Introduction by Jeff Goodman

There are many ways in which we as individuals and conservationists can influence how our ecosystems and the dependent wildlife may be protected. Some of us simply talk about issues over a cup of coffee or pint of beer. Others may join a wildlife group or donate money to a popular cause. Any effort made in the name of conservation is worthwhile, but some people are driven to make that effort become their life’s work.

While many talk the talk, some are walking the walk and they are putting themselves physically on the line, protecting our natural world from those who would destroy it. Paul Watson is one such person.
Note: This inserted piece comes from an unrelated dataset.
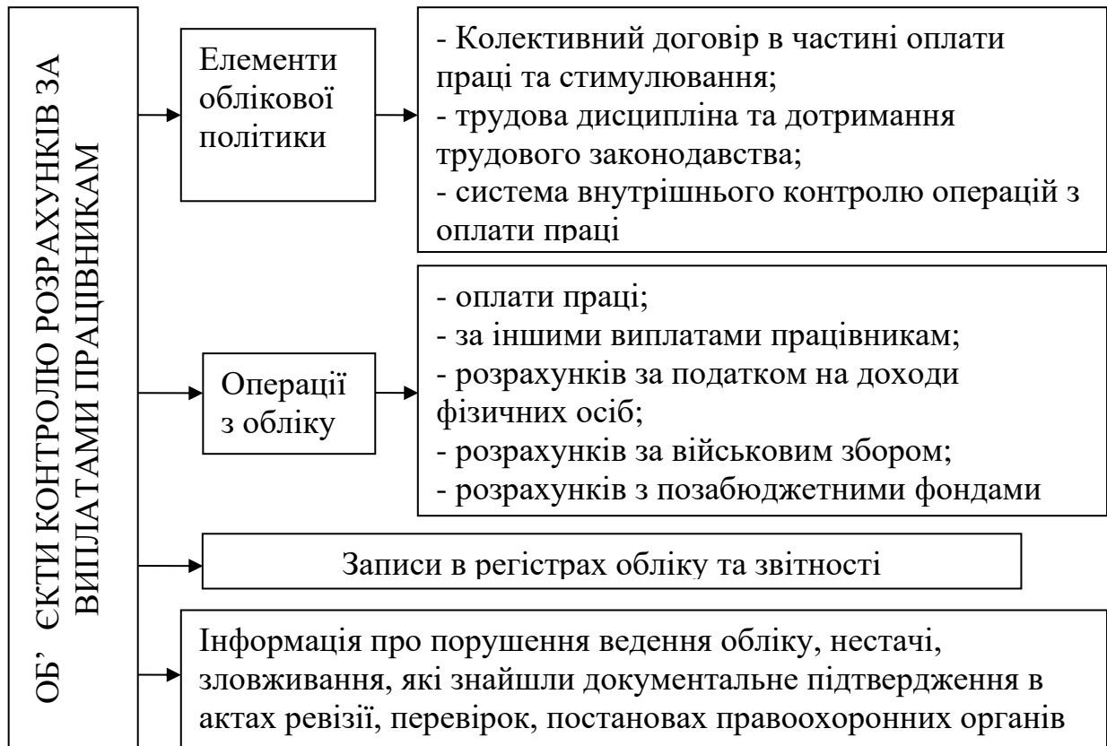
Рис. 2. Об'єкти аудиту розрахунків за виплатами працівникам

обліку, фінансовій звітності, а також загальну оцінку діючої системи формування інформації щодо оплати праці та інших виплат працівникам, їх відповідність законодавчим і нормативним актам, доцільним є здійснення внутрішнього аудиту даної ділянки обліку. Предметом аудиту праці та її оплати, інших виплат є господарські процеси та операції, пов'язані з розрахунками за виплатами працівникам, а також відносини, що виникають при цьому на підприємстві та за його межами. З метою забезпечення належного внутрішнього аудиту та досягнення мети його проведення необхідно чітко сформулювати об'єкти аудиту (рис. 2).

I first met Paul in 1987 near Plymouth in the UK. He was about to start a campaign against the Pilot Whale slaughter that takes place in the Faroe Islands every year. The Faroe Islands have been a self-governing country within the Danish Realm since 1948 and have taken control of most of their domestic matters.

I was trying to convince the BBC that we should follow Paul and his crew to document this appalling and unsustainable killing of these migratory animals. They weren’t sure…. then as luck would have it a few local schools in Plymouth got behind the campaign and raised money to support it. This gave me the link to local BBC I needed and the film was commissioned. I feel I got to know Paul well on that trip and was humbled by the man’s determination to save our marine life. Not only that, he was a really genuine, cheerful and very intelligent person. I last worked with him a few years later on an anti drift net fishing campaign in the North Pacific and then we met again briefly in 1990. Paul has endured many hardships during his campaigning, trying to make this world a better place for all of us.
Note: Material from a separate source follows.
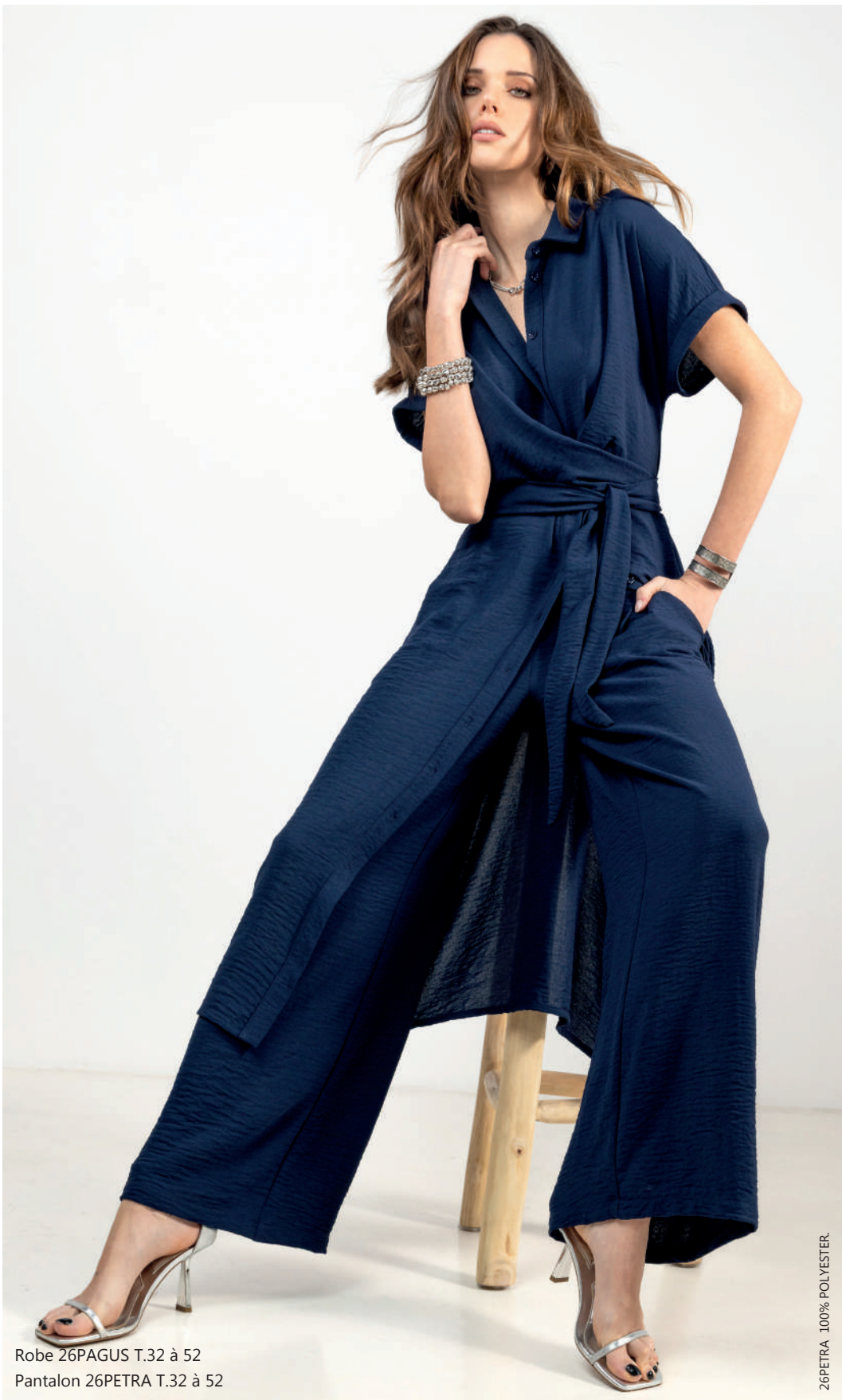
Robe 26PAGUS T.32 à 52 Pantalón 26PETRA T.32 à 52

He is continually hounded by governments and international agencies who seem to have financial gain high on their agendas and very little regard for the environment. It is now 2013 and I am back in touch with Paul because of my conservation role with Scubaverse. I asked him for an article that would inspire people, who were unfamiliar with his work, to think about and even take an active role in conservation. The following is that article. You can learn more about Sea Shepherd at  I will be following the work of Sea Shepherd and Paul closely and will report regularly on their activities.

 Eco-Exile Adrift in a Sea of Trouble

15th July 2013

By Captain Paul Watson

I am writing as an exile upon the ocean. I cannot come to land anywhere because I have been placed on the Interpol Red List by Costa Rica and by Japan.

I have been at sea now for eleven months.

I did not kill or even injure anyone. I did not damage any property nor did I steal anything. What I did was much worse in the eyes of some governments – I saved lives!

Costa Rica at the request of Japan dug up an incident from 2002 where at the request of the government of Guatemala I stopped a Costa Rican long liner from catching and finning sharks in Guatemalan waters.  The warrant calling for my arrest on the charge of “creating a danger to ships or aircraft” came only days after the President of Costa Rica Laura Chinchilla met with the Prime Minister of Japan.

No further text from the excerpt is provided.